Amtsgericht Charlottenburg, HRB 84946

Geschäftsführer:
 Dipl.-Kfm. Holger Maczkowsky,
 Roman Maczkowsky

GnuPG-Key-ID: 0x2DD3A649
--
To unsubscribe from this list: send the line "unsubscribe ceph-devel" in
the body of a message to majordomo@vger.kernel.org
More majordomo info at  http://vger.kernel.org/majordomo-info.html

^ permalink raw reply	[flat|nested] 5+ messages in thread

* Re: Cannot delete some empty dirs and weird sizes
  2012-01-31 12:00 Cannot delete some empty dirs and weird sizes Amon Ott
@ 2012-01-31 18:40 ` Gregory Farnum
  2012-02-01 17:02   ` Amon Ott
  0 siblings, 1 reply; 5+ messages in thread
From: Gregory Farnum @ 2012-01-31 18:40 UTC (permalink / raw)
  To: Amon Ott; +Cc: ceph-devel, Sage Weil

On Tue, Jan 31, 2012 at 4:00 AM, Amon Ott <a.ott@m-privacy.de> wrote:
> Hi again!
>
> We are running Ceph 0.41 and kernel 3.2.2 with current for-linus code (commit
> 3d882ce47de80e0294a536bec771b5651885b4d3) now.
>
> After some heavy workloads we see quite a few directories that cannot be
> deleted, although ls and find show that they are empty. rmdir says they are
> not empty.
>
> Additionally, ceph reports various weird size values for some, but not all of
> them:
> ls -la .tmp/tiny61/.mozilla/firefox/default.yat/
> insgesamt 0
> drwxr-xr-x 1 tiny61 users 18446744073705748665 25. Jan 10:02 .
> drwxr-xr-x 1 tiny61 users 18446744073705748665 25. Jan 10:02 ..
>
> Is this a known or a new bug? Can it be related to .snap pseudo dirs? The
> problem appeared without ever using snapshots, though.

I believe this is new. Based on the odd sizes (that's a 64-bit -1
interpreted as unsigned, fyi), my guess is that the "recursive
accounting" statistics are off and that's leading the MDS to believe
the directory is not empty even though it is. It's unlikely to be
directly related to snapshots, though it's not impossible.

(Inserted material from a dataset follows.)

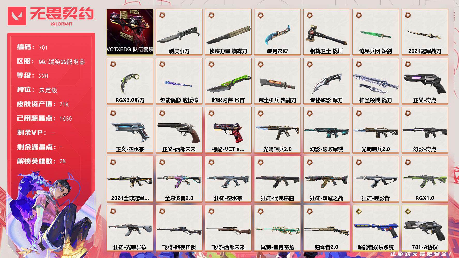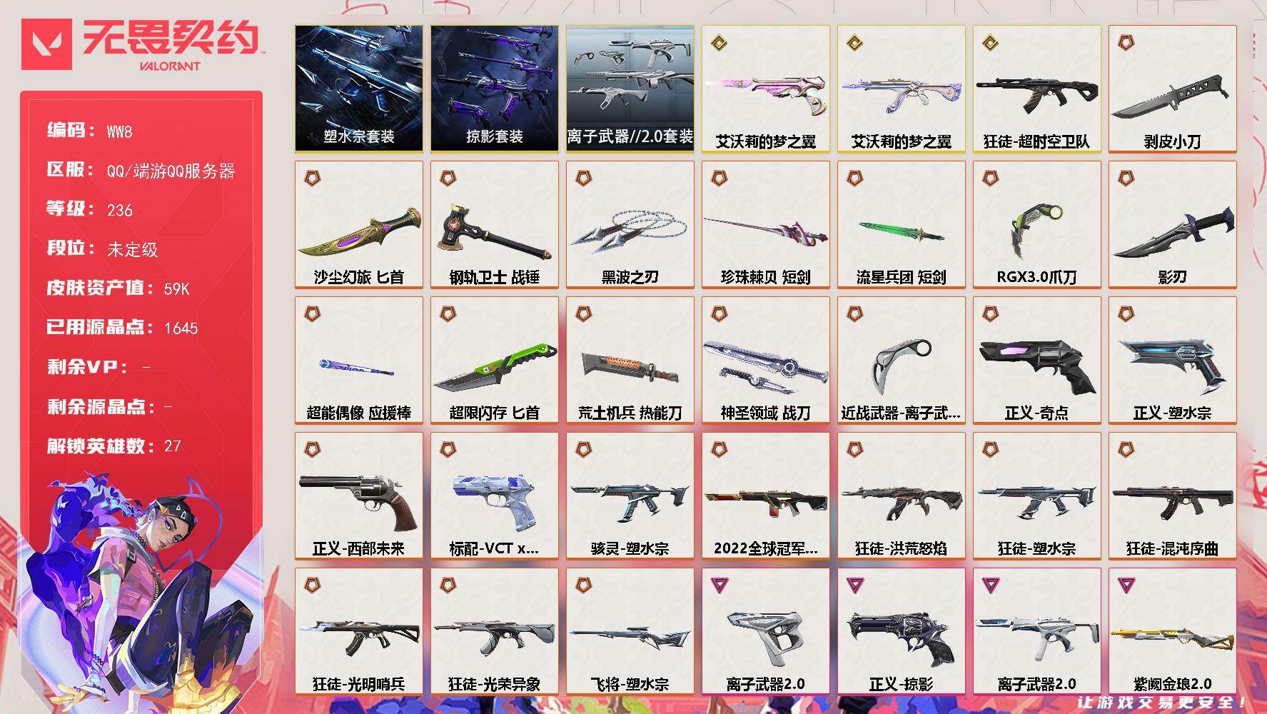 K582/QQ区/库存价值64300/皮肤数量/140 /卡面数量/172/喷漆数量/175/挂件数

Have you seen this on more than one MDS? If it's reproducible we could
more easily figure out the cause; otherwise the best we can do is to
maybe fix up the specific instance of it.
-Greg

^ permalink raw reply	[flat|nested] 5+ messages in thread

* Re: Cannot delete some empty dirs and weird sizes
  2012-01-31 18:40 ` Gregory Farnum
@ 2012-02-01 17:02   ` Amon Ott
  2012-02-02 21:09     ` Gregory Farnum
  0 siblings, 1 reply; 5+ messages in thread
From: Amon Ott @ 2012-02-01 17:02 UTC (permalink / raw)
  To: Gregory Farnum; +Cc: ceph-devel, Sage Weil

On Tuesday 31 January 2012 wrote Gregory Farnum:
> On Tue, Jan 31, 2012 at 4:00 AM, Amon Ott <a.ott@m-privacy.de> wrote:
> > Hi again!
> >
> > We are running Ceph 0.41 and kernel 3.2.2 with current for-linus code
> > (commit 3d882ce47de80e0294a536bec771b5651885b4d3) now.
> >
> > After some heavy workloads we see quite a few directories that cannot be
> > deleted, although ls and find show that they are empty. rmdir says they
> > are not empty.
> >
> > Additionally, ceph reports various weird size values for some, but not
> > all of them:
> > ls -la .tmp/tiny61/.mozilla/firefox/default.yat/
> > insgesamt 0
> > drwxr-xr-x 1 tiny61 users 18446744073705748665 25. Jan 10:02 .
> > drwxr-xr-x 1 tiny61 users 18446744073705748665 25. Jan 10:02 ..
> >
> > Is this a known or a new bug? Can it be related to .snap pseudo dirs? The
> > problem appeared without ever using snapshots, though.
>
> I believe this is new. Based on the odd sizes (that's a 64-bit -1
> interpreted as unsigned, fyi), my guess is that the "recursive
> accounting" statistics are off and that's leading the MDS to believe
> the directory is not empty even though it is. It's unlikely to be
> directly related to snapshots, though it's not impossible.
>
> Have you seen this on more than one MDS? If it's reproducible we could
> more easily figure out the cause; otherwise the best we can do is to
> maybe fix up the specific instance of it.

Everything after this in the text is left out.